I have to admit, I wouldn't think RF would cause flight computers to 
malfunction.  I definitely wouldn't expect LO leakage from even the 
cheapest FM radio to cause that kind of malfunction.  With interfering 
signals generated inside the aircraft in the range of several watts, 
possibly on harmonics of a parasitic resonance inside the cabling or 
equipment, it starts getting iffy.

> 2. No one should have entertainment equipment on during take off or 
> landing.
But they will .. out of any 100 or so people, you're guaranteed to get 
at least a few.

> 3. Aircraft antennas should be located in RF secure ares of the plane 
> and not near the passenger cabin. Cables running in the cabin should 
> be shielded in solid tubes or use fibre optics.
This would make sense .. but ..

> 4. FAA personel should have a extensive background in R.F. and 
> Avionics if they are in an inspection position of Avonics equipment.
(hysterical laughter)  You realize we're talking about the government 

> 5. If the FM radio is properly shielded, and properly certified it 
> should not cause interference.
That's a given, but remember most PED's are made in China or similar 
places and barely function to begin with.  A $4.99 walkman-type FM 
receiver .. well, you get what you pay for.  Yes, they leak, lots worse 
than any HT you'll ever own, and on inconvenient frequencies.

> 6.Which side the L.O. is on is realy no part of my original discussion.
Maybe, maybe not .. there are a LOT of variables to consider.

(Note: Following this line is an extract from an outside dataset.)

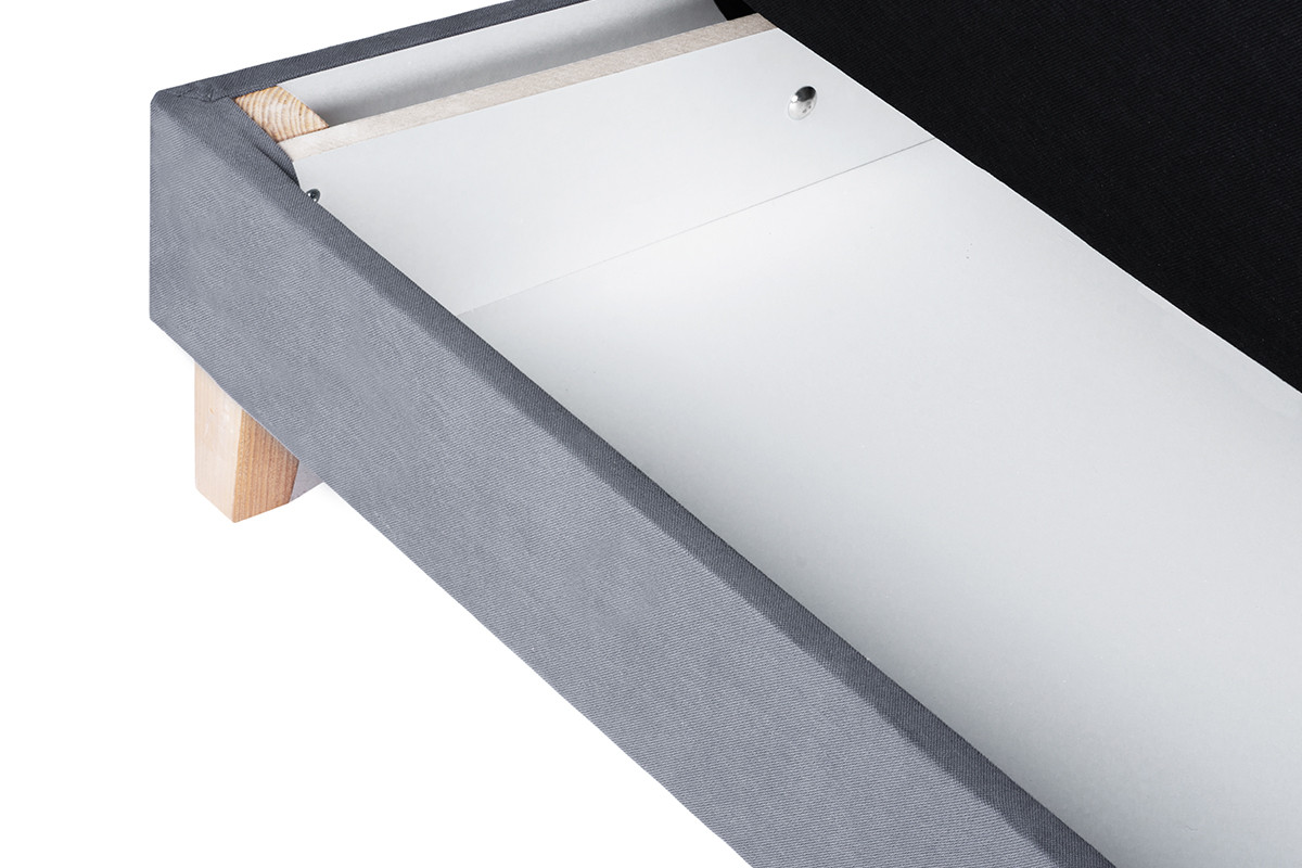 Es eignet sich hervorragend als Schlafcouch für Gäste und als Grundbett in kleineren Wohnungen oder Studentenwohnheimen. Die Sitzfläche besteht aus hochelastischem Schaumstoff und Wellenfedern, was einen komfortablen Gebrauch und eine hervorragende Entspannung ermöglicht. Der Bettkasten ist mit Belüftungsöffnungen ausgestattet. Die Beine bestehen aus Buchenholz und haben eine Höhe von 11 cm.
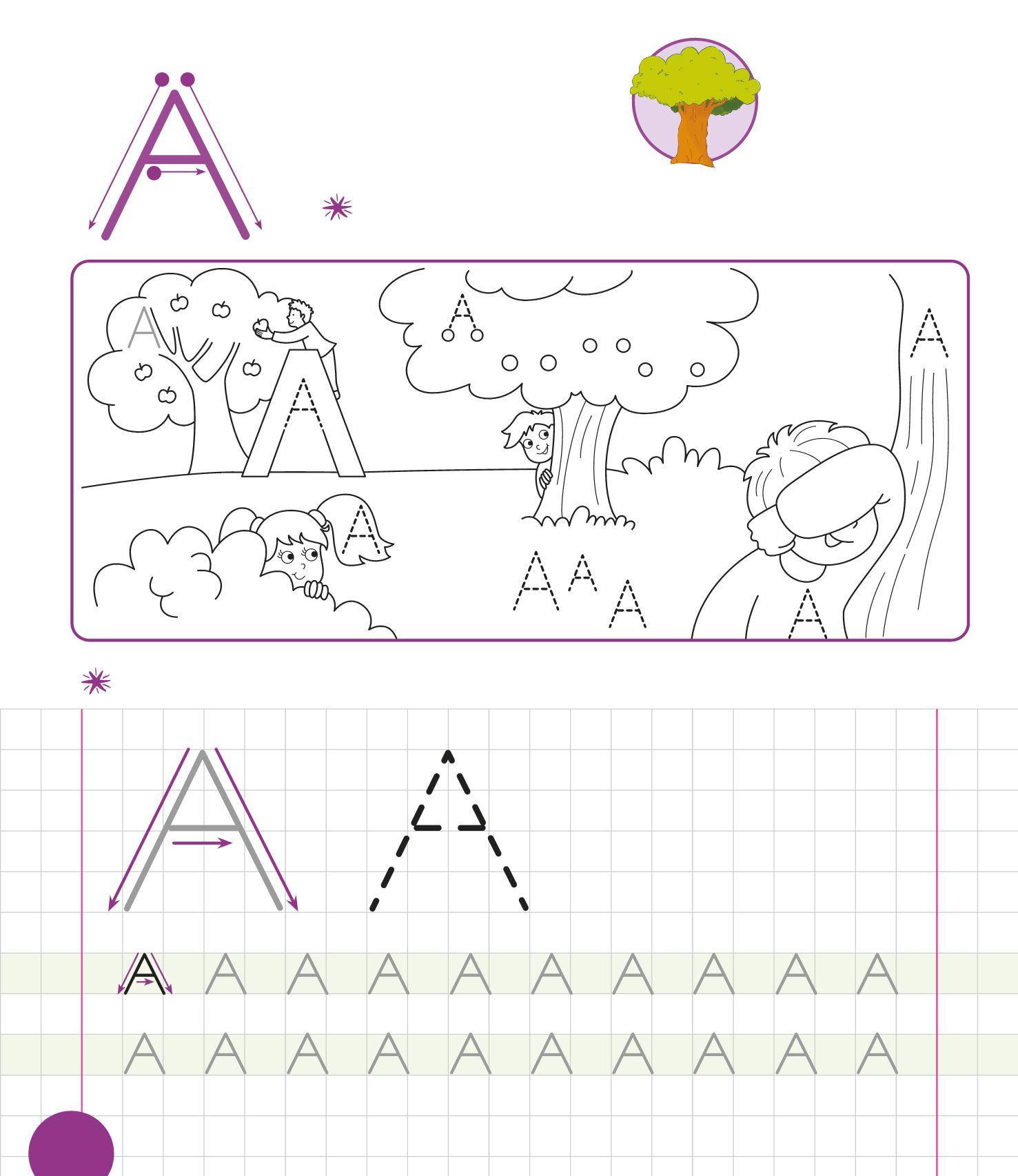 RIPASSA LE A, POI TRACCIANE ALTRE SULL’ALBERO. COLORA IL DISEGNO.

> 7. This only happens when computer code is not debugged, FM radios 
> were not certified, personel are ignorant,  passengers do not follow 
> the flight rules, and flight attendents do not enforce the rules.
I agree that the flight computers and other avionics are way too 
sensitive to RF, even that generated by cellphones.  I also feel it's 
not realistic to expect 100% compliance from airline passengers in not 
using electronic devices on the aircraft, especially given the 
haphazard way the regulations are enforced and the fact that all too 
often flight attendants TRY to enforce rules and flight crews don't 
back them up.  It happens.

Personally, I feel it would be reasonable to have shielding on the 
avionics and cabling inside the aircraft sufficient to keep RF 
generated inside the cabin from getting into the system (although using 
a cellphone on board an aircraft screws up the cellphone system even 
more than it does avionics on board the airplane, and quite honestly, 
the FCC should be paying closer attention to that .. imho .. that's 
another discussion) and it would certainly help if the aircraft had 
some means of monitoring for interfering RF signals generated inside 
the cabin and alerting the flight crew.  All of that would make sense.

But then again, that word "should" says it all .. I'm sure the airlines 
would be able to come up with dozens of reasons why all of those 
technical solutions would be "impractical to implement".  And since 
most of the decision makers *don't* have a lot of technical savvy, 
that's enough to keep them from pushing the airlines to do any of those 
things ..

and we are WAY, WAY offtopic, needless to say ..

Heard from a flight instructor:
"The only dumb question is the one you DID NOT ask, resulting in my 
going out and having to identify your bits and pieces in the midst of 
torn and twisted metal."
Sent via amsat-bb@amsat.org. Opinions expressed are those of the author.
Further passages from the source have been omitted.